For example, let's upload the train set in Giskard, this is key to create drift tests in Giskard.


In [None]:
credit_scoring.upload_df(
    df=train_data, # The dataset you want to upload
    column_types=column_types, # All the column types of df
    target="default", # Do not pass this parameter if dataset doesn't contain target column
    name="train_data" # Name of the dataset
)

You can also upload new production data to use it as a validation set for your existing model.
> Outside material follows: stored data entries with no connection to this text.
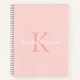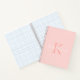 Designed with pastel pink on both sides and the front of notebook has large dark dusty rose monogram initial and elegant calligraphy script lettering in white for personalized name. CLICK PERSONALIZE TEMPLATE OPTION AND ENTER NAME AND MONOGRAM.
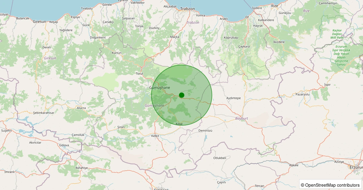 Son bir hafta içerisinde Gümüşhane şehri Merkez - Arzular noktasından 100 km yarıçap içerisinde toplamda 39 deprem kaydedilmiştir. Bu depremlerden en büyüğü 3.8 büyüklüğünde ve en sığ odaklısı 5.00 kilometre derinlikte gerçekleşmiştir.
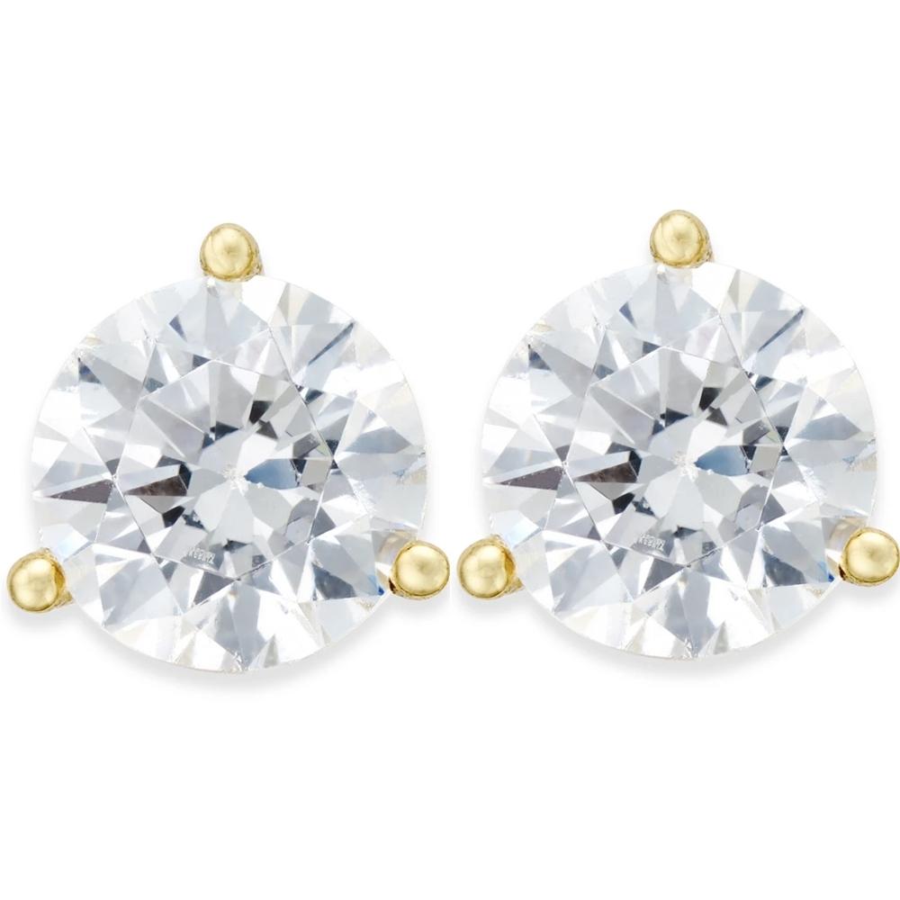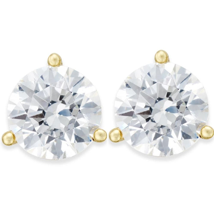 2 Ct TW Moissanite Martini 3-Prong Studs Available in White or Yellow Gold

In that case, you might not have the ground truth target variable

In [None]:
production_data = credit.drop(columns="default")

In [None]:
credit_scoring.upload_df(
    df=production_data, # The dataset you want to upload
    column_types=feature_types, # All the column types without the target
    name="production_data"# Name of the dataset
)

### 🌟 If you just want to upload a model without a dataframe 

This happens for instance when you built a new version of the model and you want to inspect it using a validation dataframe that is already in Giskard

For example, let's create a second version of the model using random forest

In [None]:
clf_random_forest = Pipeline(steps=[('preprocessor', preprocessor),
                      ('classifier', RandomForestClassifier(max_depth=10,random_state=0))])
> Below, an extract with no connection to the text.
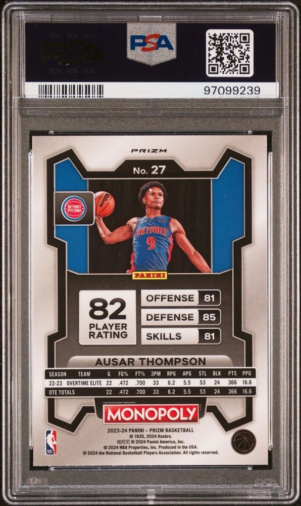 Ausar Thompson 2023-24 Panini Prizm Monopoly Purple Wave Rookie SP 27 RC Pistons

clf_random_forest.fit(X_train, Y_train)
clf_random_forest.score(X_test, Y_test)

In [None]:
credit_scoring.upload_model(
    prediction_function=clf_random_forest.predict_proba, # Python function which takes pandas dataframe as input and returns probabilities for classification model OR returns predictions for regression model
    model_type='classification', # "classification" for classification model OR "regression" for regression model
    feature_names=list(feature_types.keys()), # List of the feature names of prediction_function
    name='random_forest', # Name of the model
    validate_df=train_data, # Optional. Validation df is not uploaded in the app, it's only used to check whether the model has the good format
    target="default", # Optional. target should be a column of validate_df. Pass this parameter only if validate_df is being passed
    classification_labels=["Default","Not default"] # List of the classification labels of your prediction
)

### Happy Exploration ! 🧑‍🚀